Rick Osentoski/USA TODAY Sports

But shunning a fun team like Indiana State, which specializes in pretty offense and fast-paced basketball and has a virally popular centerpiece player, doesn’t help sell the tournament to casual fans. Especially when Virginia is guaranteed to make viewers’ eyes bleed with slogging pace and hideous offense. After the debacle against Colorado State, the Cavs rank 211th nationally in offensive efficiency and are still last in tempo.

And, yes, there is Virginia’s remarkable penchant for throwing up on itself in this tournament. There is “One Shining Moment” of an exception, of course, that being the 2019 national championship. That’s forever, and that’s huge, and it contained several key moments when Virginia was the anti-choke team. But they really should commission the statue of Kihei Clark for the pass he threw that got the Hoos past the Purdue Boilermakers and into that Final Four, because the rest of the résumé is replete with ghastly losses.

Here’s what has bookended that title: the historic initial first-round loss by a No. 1 seed to a No. 16 (UMBC Retrievers) in 2018; a first-round loss as a No. 4 seed to the No. 13 Ohio Bobcats in ’21; an NIT appearance in ’22; a first-round loss as a No. 4 seed to the No. 13 Furman Paladins last year; and now a 25-point First Four undressing as a No. 10 seed against fellow No. 10 CSU.

There is 6–0 in 2019, and there is a brutal 0–4 (with an NIT appearance) in ’18 and between 2021 and ’24.

Losing to the Rams was not unexpected—neither team really deserved to be in Dayton, one being disrespected by the committee and the other dubiously invited. But performing this poorly on this stage—again—was very Virginia.

Related: Ranking the Men’s NCAA Tournament Field 1–68

The Cavaliers shot a grisly 28.2% from two-point range and 17.6% from three—far below the season percentages for this team. And it wasn’t like that was bad shooting luck, where good-looking shots kept lipping out. No, this was a barrage of air balls and no-hope bricks from outside the arc.

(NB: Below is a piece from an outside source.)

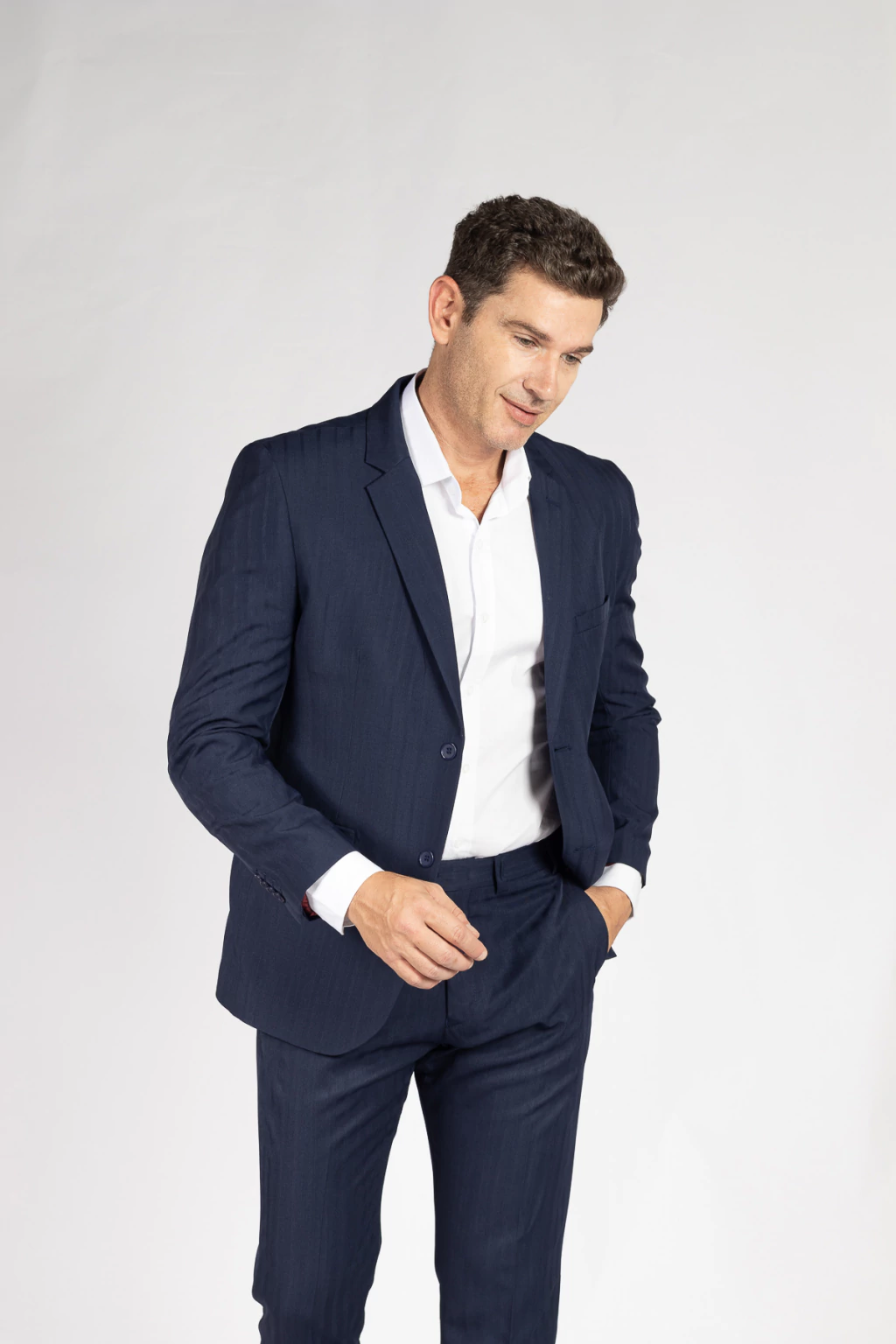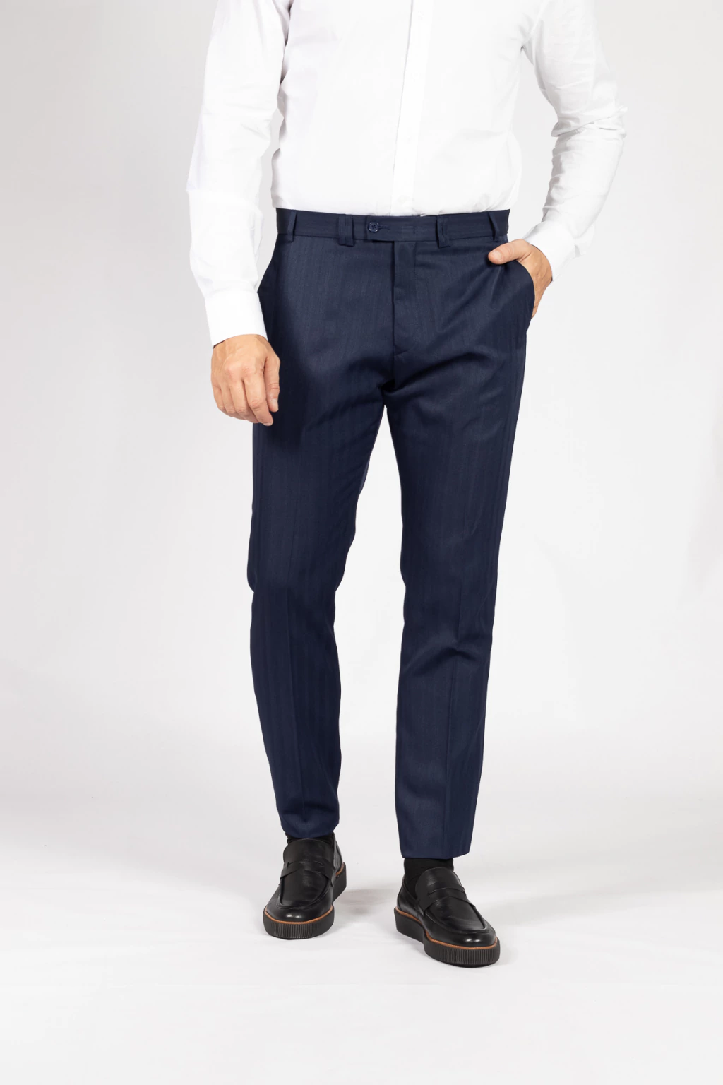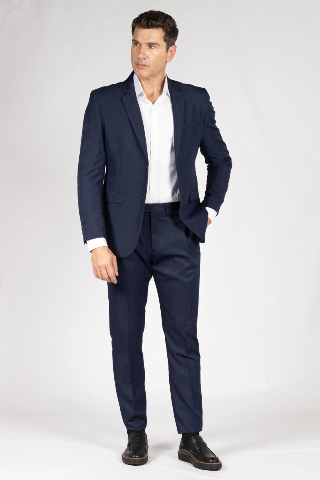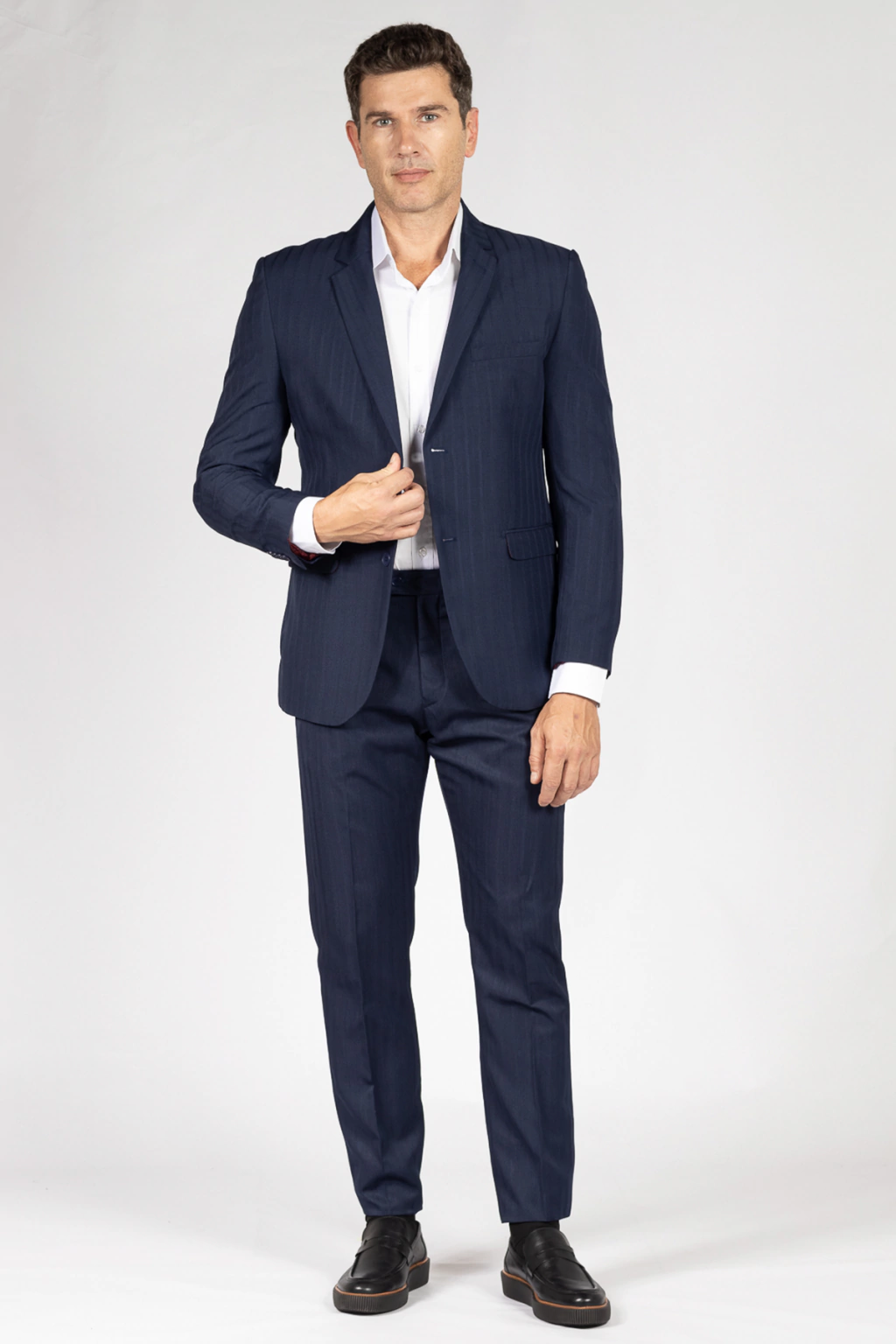 O terno de microfibra Azul Marinho semi slim tradicional é uma peça elegante que combina tradição com modernidade. Sua tonalidade distinta e corte semi slim oferecem versatilidade para diversas ocasiões. Feito de microfibra de alta qualidade, proporciona conforto excepcional e uma sensação suave ao toque. É uma declaração de estilo e sofisticação masculina, destacando-se como um ícone da moda contemporânea.

Trailing 18–14 with 9:20 left in the first half, Virginia went on one of the saddest runs of offensive ineptitude in tourney history. It was an eternity of scoreless futility, going the remainder of the first half and more than three minutes into the second. The total time without scoring was 12 minutes and 35 seconds of game clock, nearly an hour in real time. The score was 35–14 and the matter was decided before the Cavs put the ball through the basket again.

Their 42 points for the game was a First Four–record low, which is really something when you consider that four No. 16 seeds play in that round every year. It was reminiscent of the 2017 NCAA tourney, in which Virginia lost in the second round 65–39 to the Florida Gators.

It was another night this season in which Bennett had no strategic answers and far too little basketball talent to work with. There have been rumors percolating for weeks that he might be contemplating retirement, perhaps because he’s not a good fit with the modern college athletic world. This would be a brutal game to go out on—but that would partly be the fault of an NCAA tournament selection committee that bestowed a bid his team didn’t deserve.